Claim. Let $a$ and $b$ be the transformations of the Riemann sphere $\hat{\mathbb{C}} = \mathbb{C} \cup \{\infty\}$ defined by $$ a(z) = \frac{1}{z} + 2,\quad b(z) = z + 4. $$ Let $d \in \mathbb{N}_{> 0} \cup \{\infty\}$. Then the subgroup of $\operatorname{PSL}(2, \mathbb{R})$ generated by $X_d = \{b^{k}ab^{-k} \,\vert\, 0 \le k < d\}$ is free on $X_d$.
The claim and its proof are a trivial adaptation of [1, Example II.B.26] which makes use of Schottky groups.
Proof of the Claim. Let $\mathbb{D} = \{ z \in \mathbb{C} \, \vert \, \vert z \vert \le 1\}$, $\Omega_k = (\mathbb{D} + 4k) \cup (\mathbb{D} + 4k + 2)$ for $0 \le k < d$. Observe that $\gamma_k = b^ka b^{-k}$ maps
- the exterior of the disk $\mathbb{D} + 4k$ onto the interior of the disk $\mathbb{D} + 4k + 2$, and
- the exterior of the disk $\mathbb{D} + 4k + 2$ onto the interior of the disk $\mathbb{D} + 4k$.

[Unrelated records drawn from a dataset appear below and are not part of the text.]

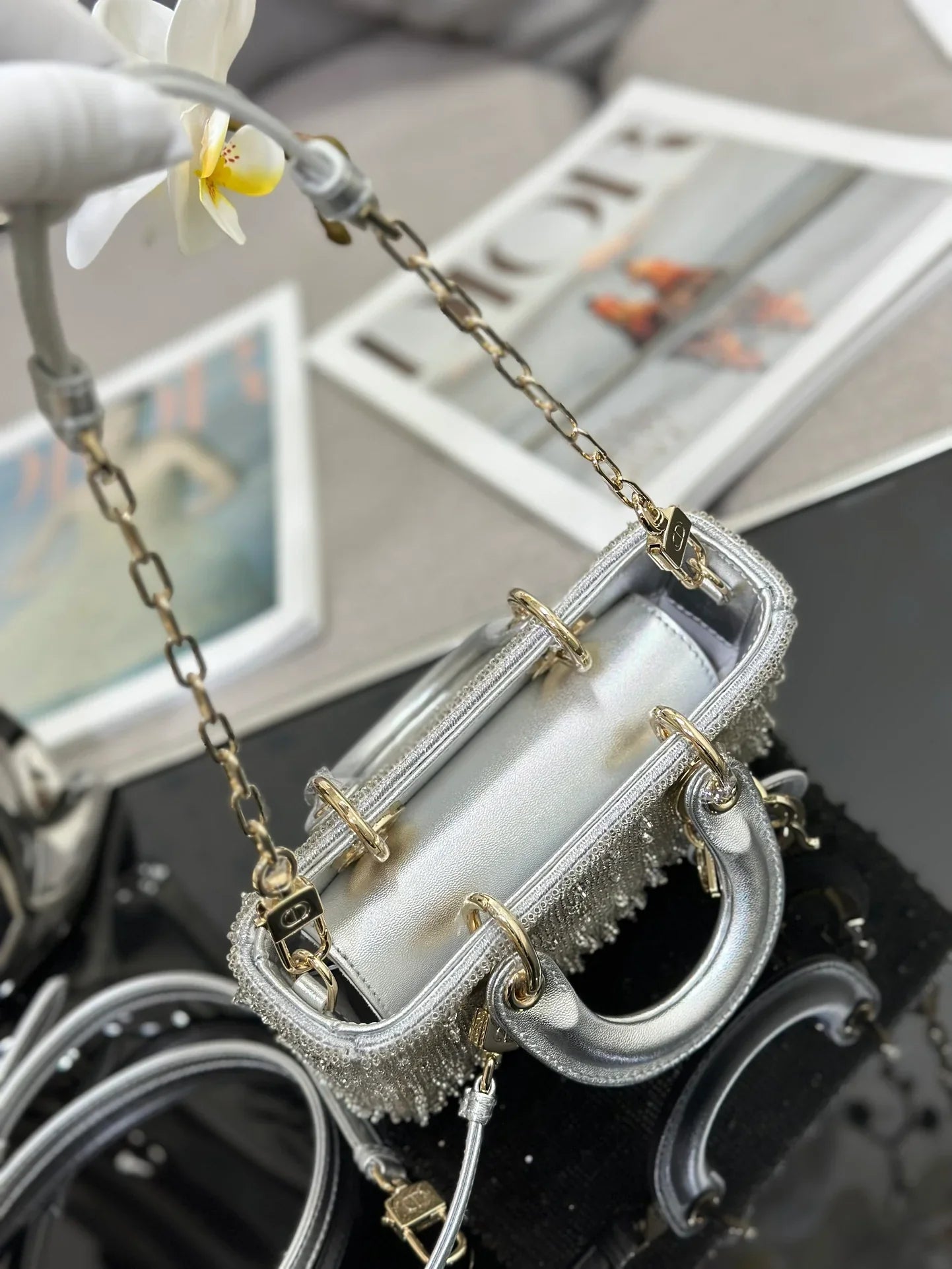 Dior LAdy D-Joy Silver-Tone Satin with Gradient Bead Embroidery - 16 x 9 x 5 cm
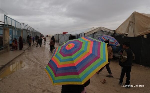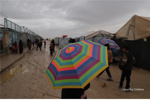 시리아 북동부 난민촌에서 세이브더칠드런이 나눠준 우산을 들고 있는 아동들[세이브더칠드런 제공]
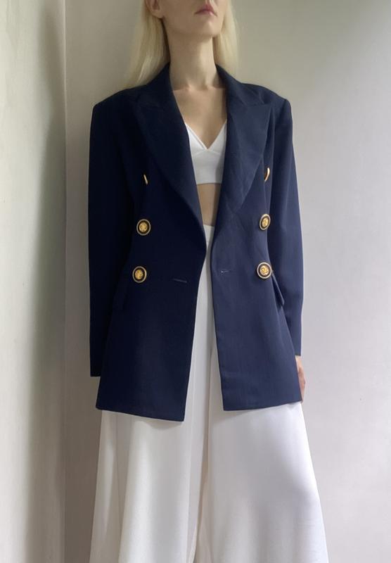 Винтажный жакет женский moon dew двубортный пиджак синий с золотыми пуговицами
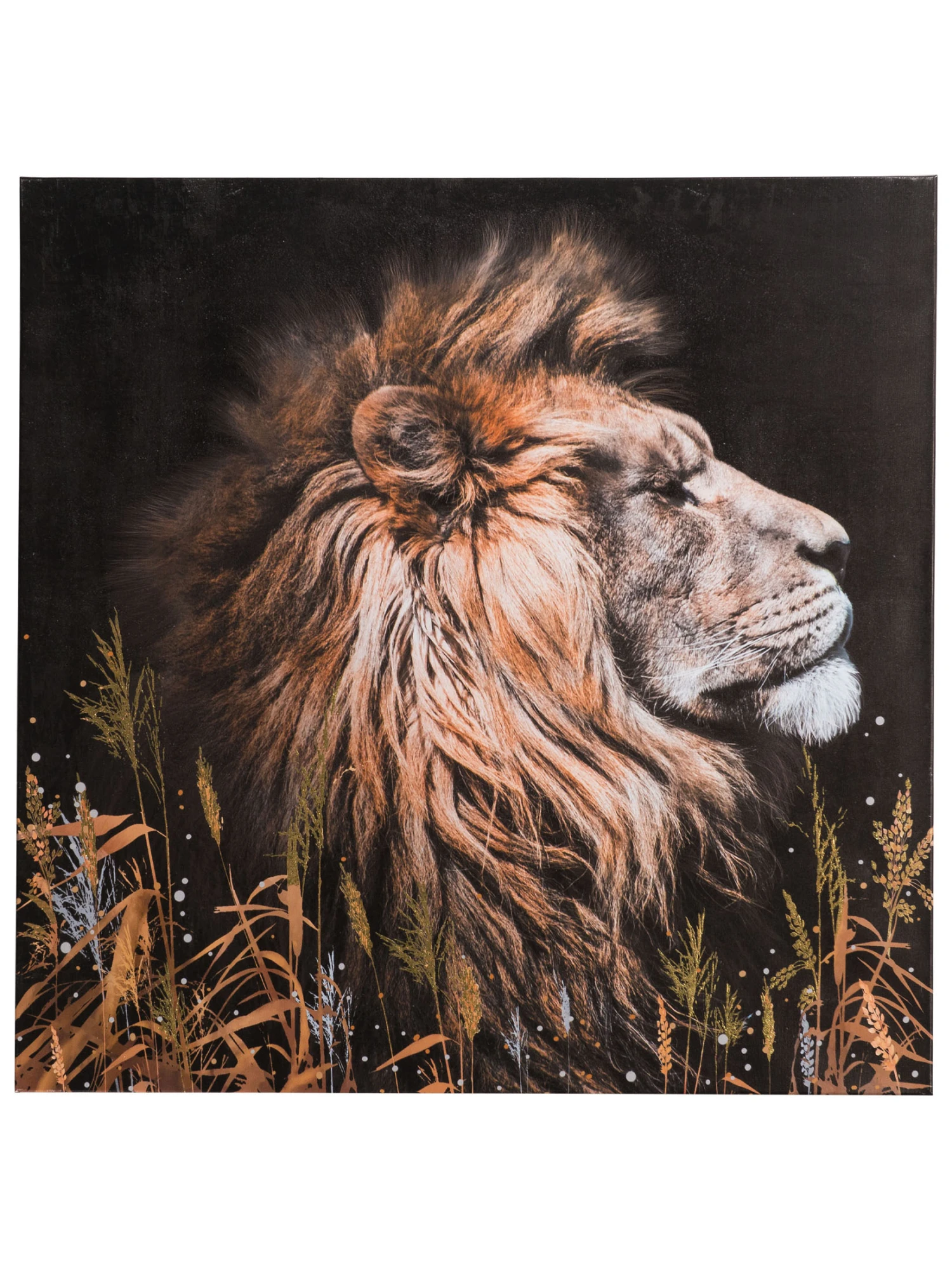 Majestätisches Löwen-Motiv vor dunklem Hintergrund auf Leinwand. Gras aus Goldfolie.

Thus $\gamma_k^m (\Omega_l) \subseteq \Omega_k$ for every $k \neq l$ and every $m \in \mathbb{Z} \setminus \{0\}$. Clearly $\Omega_k \nsubseteq \Omega_l$ if $k \neq l$. A straightforward generalization of the Table-Tennis Lemma yields the result.
[1] P. de la Harpe, "Topics in Geometric Group Theory", 2000.